HISTORY

of the Nuñoa Project

About Nuñoa

Melgar Province, Peru


Nuñoa (pronounced Nunyoa) is about halfway between Cuzco and Lake Titicaca on the high slopes of the eastern Andes above 13,000 feet in elevation.

The Nuñoa River that flows through town comes, in part, from the Quilccaya Glacier, the largest in the tropics. The town has about 7000 residents who speak Quechua and Spanish, the district (comparable to a county) has a population of about 14,000. About a third of the households in the district are impoverished and hence have difficulties meeting their basic needs.
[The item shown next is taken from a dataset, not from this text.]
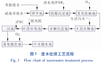 苯(ben)胺、硝基苯(ben)綜合廢(fei)水(shui)(shui)(shui)中含(han)有大量難降解有機物,COD值較高(gao),可(ke)生(sheng)化(hua)(hua)性極(ji)差(一般(ban)B/C值為0~0.1),屬(shu)于高(gao)含(han)鹽廢(fei)水(shui)(shui)(shui),因此綜合考慮多(duo)種因素,決定采用物化(hua)(hua)與(yu)生(sheng)化(hua)(hua)處(chu)理(li)(li)相結合的工藝。以混凝沉淀和臭氧氧化(hua)(hua)作為預(yu)處(chu)理(li)(li)單元,不會提高(gao)廢(fei)水(shui)(shui)(shui)的含(han)鹽量,但可(ke)以提高(gao)廢(fei)水(shui)(shui)(shui)的可(ke)生(sheng)化(hua)(hua)性,使A/O生(sheng)物系統(tong)處(chu)理(li)(li)效(xiao)率大幅(fu)提高(gao);在末端再進行臭氧氧化(hua)(hua)脫色處(chu)理(li)(li)可(ke)確保出水(shui)(shui)(shui)色度達標。工藝流程見圖1。

Grazing land in the Nuñoa District is some of the best on the Altiplano and the alpaca density the highest. As such the town prides itself as the suri capital of the world. Most small herders have alpacas (yes, huacayas too), llamas, sheep, some cattle, and several horses.

While principally herders, most households raise potatoes, other tubers, and Andean cereals (quinoa and canihua).

History of the Nuñoa Project

by R. Brooke Thomas

This is a community where I and others have carried out anthropological research for over 50 years. In the course of our work we have befriended many, become god-parents to quite a few, and have helped in a number of ways winning the trust of the community.

The opportunity to further reciprocate for the cooperation and generosity shown over the years came several years ago when Dr Steve Purdy first arrived at UMass to set up the Camelid Studies Program. Being interested in understanding the background of the alpacas and how they were herded by Andean natives it was easy to convince him that Nunoa was the place he had to see.

On our first trip Steve brought several animal science students, an alpaca breeder, and a fellow alpaca veterinarian, Cheryl DeWitt. We stayed in a small orphanage that supported joyous and inquisitive children, and toured the countryside talking with herders and inspecting their alpacas.

So impressed were we all with the need of small herders for veterinary service, and with the potential of linking this effort to the understaffed and underfunded orphanage, that we started planning how we might help fulfill a number of community needs. Thanks to Dr. Purdy's enthusiasm and a sense of obligation to give back to Andean herders - whose ancestors gave us the alpacas and llamas - a number of friends and colleagues were contacted, and they have provided their time and talents in getting our organization going.

Although we started and continue our work in Nuñoa we are also working in Pucara and Lampas districts with CONOPA and Chijnaya Foundation.